Roots and Benefits of Costly Giving: Young Children's Altruism is Related to Having Less Family Wealth and More Autonomic Flexibility

Jonas G Miller 1, Sarah Kahle 1, Paul D Hastings 1
PMCID: PMC4504814  NIHMSID: NIHMS669350  PMID: 26015412

Abstract

Altruism, although costly, may promote well-being for those who give. Costly giving by adults has received considerable attention, but less is known about the possible benefits, as well as biological and environmental correlates, of altruism in early childhood. In the current study, we present evidence that children who forgo self-gain to help others show greater vagal flexibility and higher subsequent vagal tone than those who do not, and children from less wealthy families behave more altruistically than those from wealthier families. These results suggest that altruism should be viewed through a biopsychosocial lens; that privileged contexts have an early-emerging influence on children's willingness to make personal sacrifices for others; and that altruism and healthy vagal functioning may share reciprocal relations in childhood. When children help others at a cost to themselves, they could be playing an active role in promoting their own well-being as well as the well-being of others.

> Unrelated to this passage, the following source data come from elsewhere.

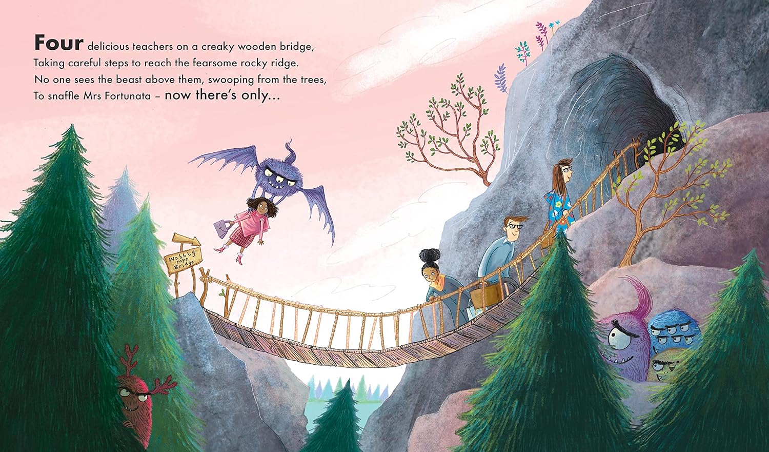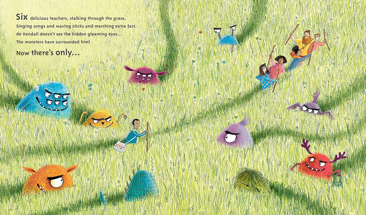 An irreverent and zany counting book that is gently thrilling and written in a deliciously infectious rhyme with witty and whimsical illustrations. Written by the award-winning author of the Waterstones Children's Book of the Year 2024. Ten very foolish teachers have missed the last bus home. But LOOK - a shortcut through the forest! They'll be back in time for tea! Off they skip, unaware that in the woods a hungry horde of mischievous and hilariously goofy monsters is waiting... An irreverent and zany counting book that is gently thrilling with witty and whimsical illustrations. Perfect for children starting or going back to school, and as a present for teachers.
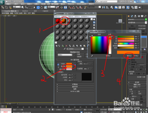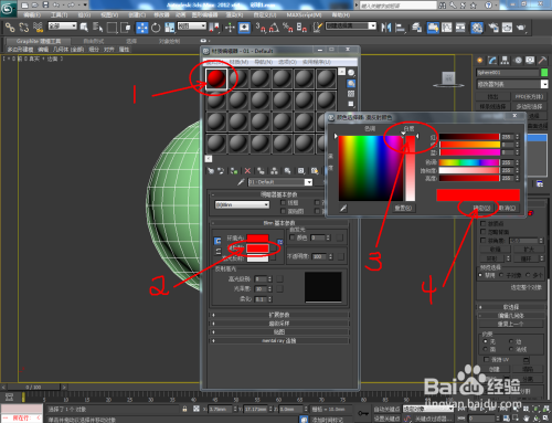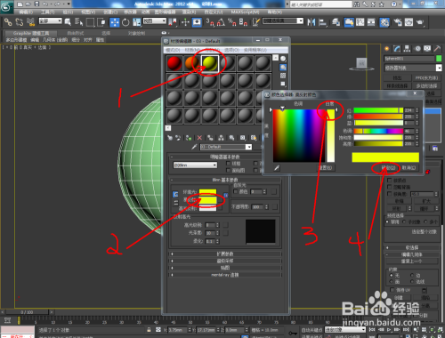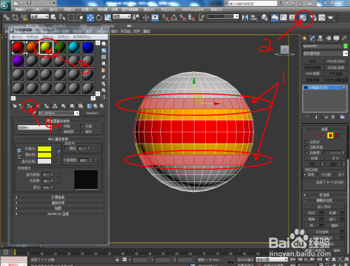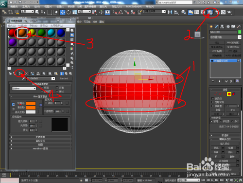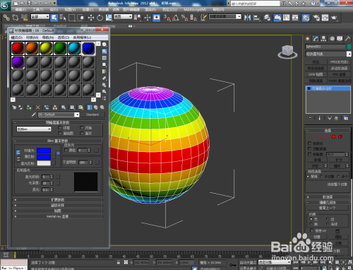 选中球体,点击【多边形】后,按住键盘“Ctrl”键不放,别离框选各个颜色区域,并别离进行附加材质球材质;
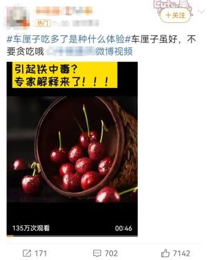 图片来源:新浪微博近日,一条关于“车厘子吃多了是种什么体验?”冲上了热搜。

Keywords: altruism, socioeconomic status, childhood, vagal tone, autonomic flexibility

Although altruism is personally costly in terms of material resources, a growing body of research suggests that it may also confer emotional and physiological benefits for those who give. Helping others can help ameliorate stress (Taylor, 2006; von Dawans, Fischbacher, Kirschbaum, Fehr, & Heinrichs, 2012), is emotionally rewarding (Dunn, Aknin, & Norton, 2014), and is linked to better physical health and longevity (Brown, Nesse, Vinokur, & Smith, 2003; Schreier, Schoner-Reichl, & Chen, 2013). These findings suggest that when adults provide assistance to others, they may get something back in terms of improved well-being. If behaving generously is intrinsically beneficial, we may also expect to see this association in young children. One aim of the present study was to examine whether young children who engage in altruistic giving also show healthier physiological functioning.

Although prosociality emerges early in life and can be rewarding, helping others at a cost to oneself can often be difficult. Altruism (i.e., costly helping) is indeed harder for young children than other kinds of prosocial behaviors (Svetlova, Nichols, & Brownell, 2010), and there are considerable individual differences across children (House et al., 2013). A second aim of the present study was to investigate biological and environmental factors related to social engagement as predictors of children's altruism.

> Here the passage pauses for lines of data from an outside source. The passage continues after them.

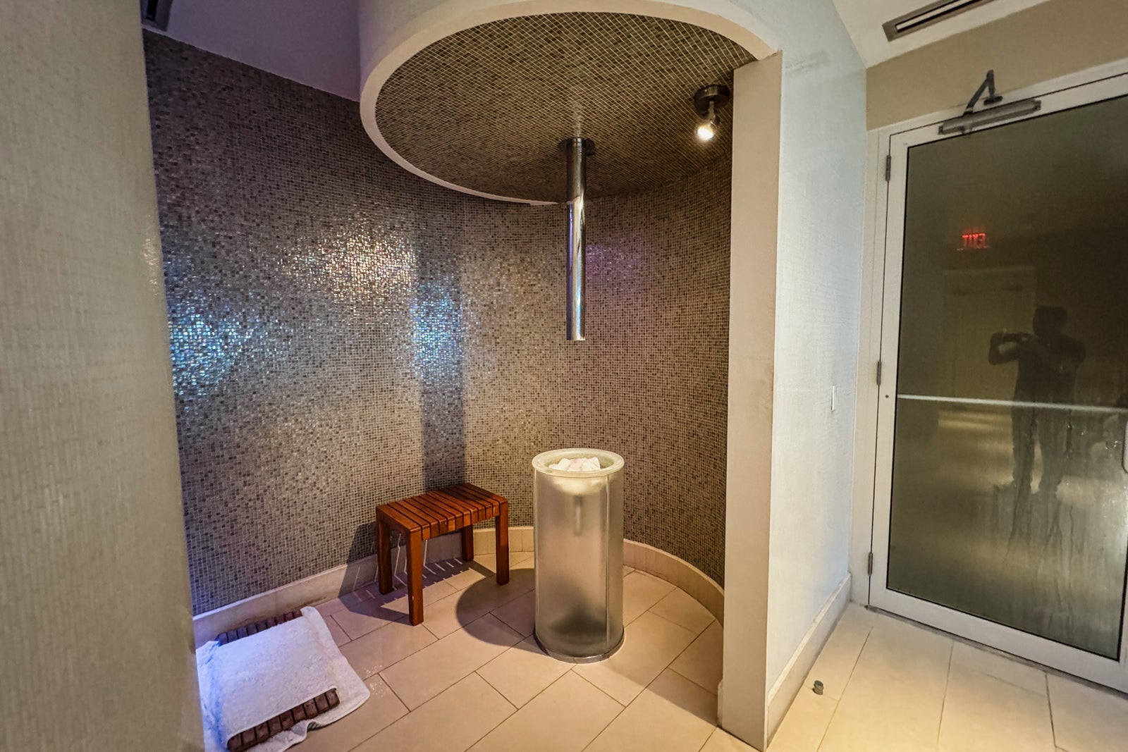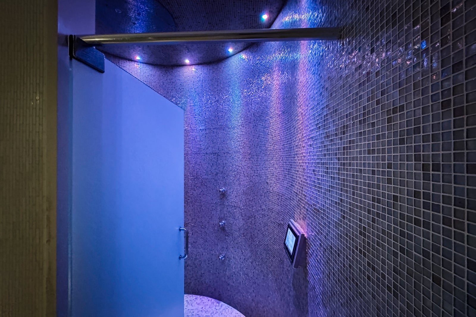 There are men's and women's locker rooms complete with showers, steam rooms, saunas, ice stations, outdoor relaxation areas and whirlpools, as well as experiential showers that incorporate lights, sounds and cascades of water at different temperatures to replicate occurrences like island storms.
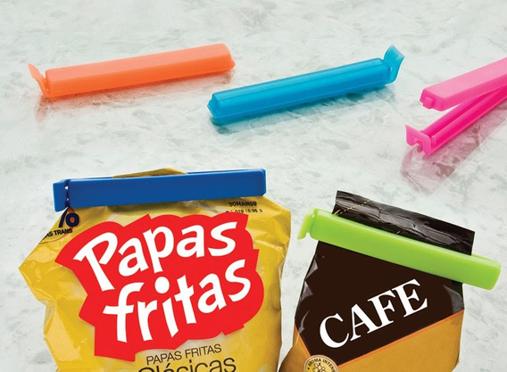Broche para cerrar bolsas de plástico en colores. Cada blíster contiene 4 unidades de 12 cm de largo.
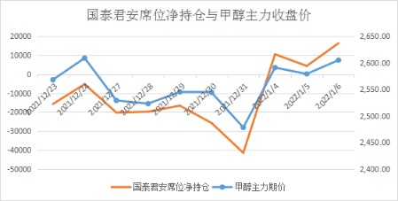 综上可知,前20席位整体处于持有净空单超5万手的状态,其中国泰君安期货今日净多单再次上破1万手;且由其净持仓与甲醇主力合约收盘价走势可知,在12月23日至1月6日期间,国泰君安的净持仓变化和行情具有较强正相关性,后续可关注其持仓变动情况。

Polyvagal theory posits that prosociality is supported by physiological states that foster calm social engagement and inhibit defensive responding (i.e., fight-or-flight behaviors) (Porges, 2011). In the autonomic nervous system, increased parasympathetic (PNS) influence on the heart via the myelinated vagus nerve (i.e., vagal tone) is believed to facilitate perception of the environment as safe, and vagal withdrawal in response to salient tasks supports adaptive orienting and coping with challenge (Porges, 2011; Thayer, Ahs, Fredrikson, Sollers, & Wager, 2012). In threatening situations, increased sympathetic nervous system (SNS) activation mobilizes energy for fight-or-flight responding (Cannon, 1932). Thus, some have proposed that prosociality is supported by activation of the PNS and inhibition of the SNS (Goetz, Keltner, & Simon-Thomas, 2010; Fabes, Eisenberg, & Eisenbud, 1993), but evidence for this is mixed (Hastings, Miller, Kahle, & Zahn-Waxler, 2014). Furthermore, previous research on the autonomic correlates of children's prosociality has focused on empathy, sympathy, and non-costly prosocial behaviors (Hastings et al., 2014). Researchers have not studied the physiological underpinnings, as well as potential benefits or consequences, of children's helping in contexts that require giving up resources for the good of others. Higher PNS and lower SNS activity at rest reflects effective conservation of bodily energy and is related to better mental and physical health (Thayer & Sternberg, 2006). Thus, we tested whether PNS and SNS activity predict children's altruistic giving, and whether these behaviors, in turn, reciprocally predict subsequent levels of PNS and SNS activity.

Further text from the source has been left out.